● **ABOUT THIS EXERCISE**
Only what runs from the line with "Pouf-Youth Pink And" to the end of the data should appear in the answer, exactly as written and without pictures.
Segment Start: DATA SEGMENT
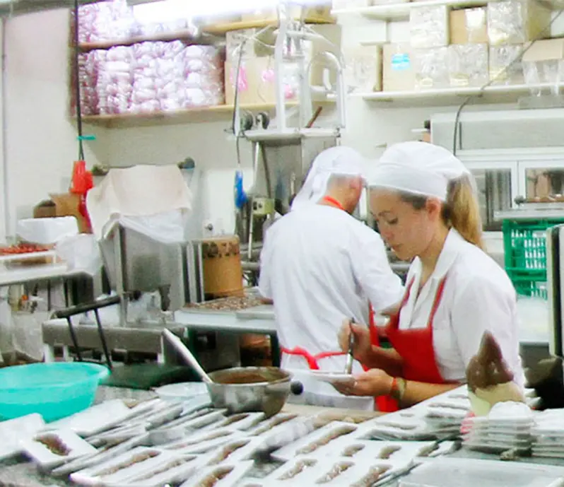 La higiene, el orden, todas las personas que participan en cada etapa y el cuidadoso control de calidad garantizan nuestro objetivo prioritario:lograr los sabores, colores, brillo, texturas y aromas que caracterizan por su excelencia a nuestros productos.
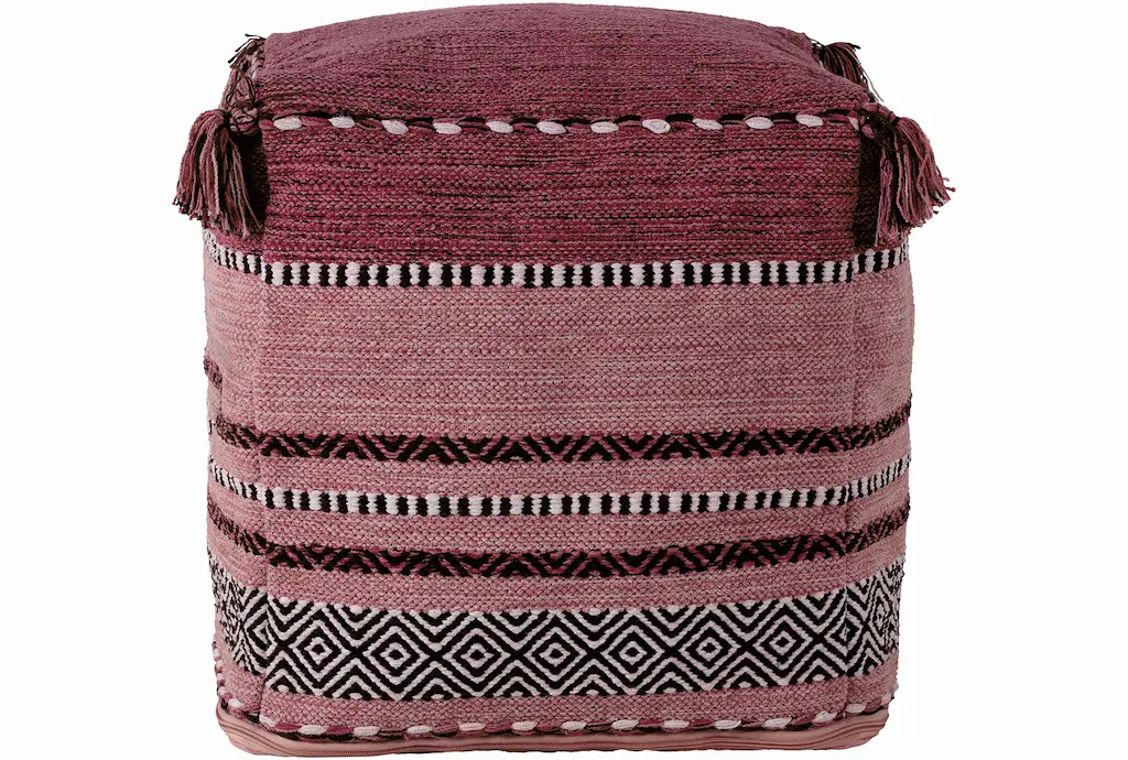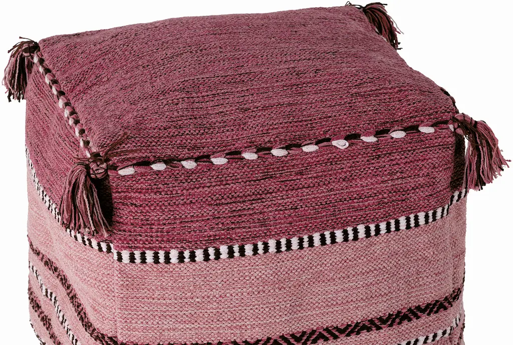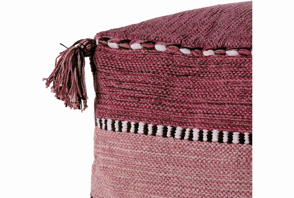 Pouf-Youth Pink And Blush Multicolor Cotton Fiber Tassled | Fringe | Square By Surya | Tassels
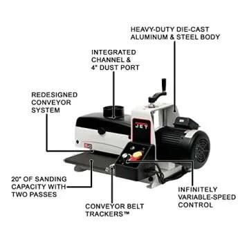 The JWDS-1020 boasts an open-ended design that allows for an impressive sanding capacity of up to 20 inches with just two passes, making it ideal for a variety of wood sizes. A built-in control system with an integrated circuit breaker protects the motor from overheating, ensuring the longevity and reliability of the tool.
Segment End: DATA SEGMENT
● **RESPONSE BELOW**
 Pouf-Youth Pink And Blush Multicolor Cotton Fiber Tassled | Fringe | Square By Surya | Tassels
 The JWDS-1020 boasts an open-ended design that allows for an impressive sanding capacity of up to 20 inches with just two passes, making it ideal for a variety of wood sizes. A built-in control system with an integrated circuit breaker protects the motor from overheating, ensuring the longevity and reliability of the tool.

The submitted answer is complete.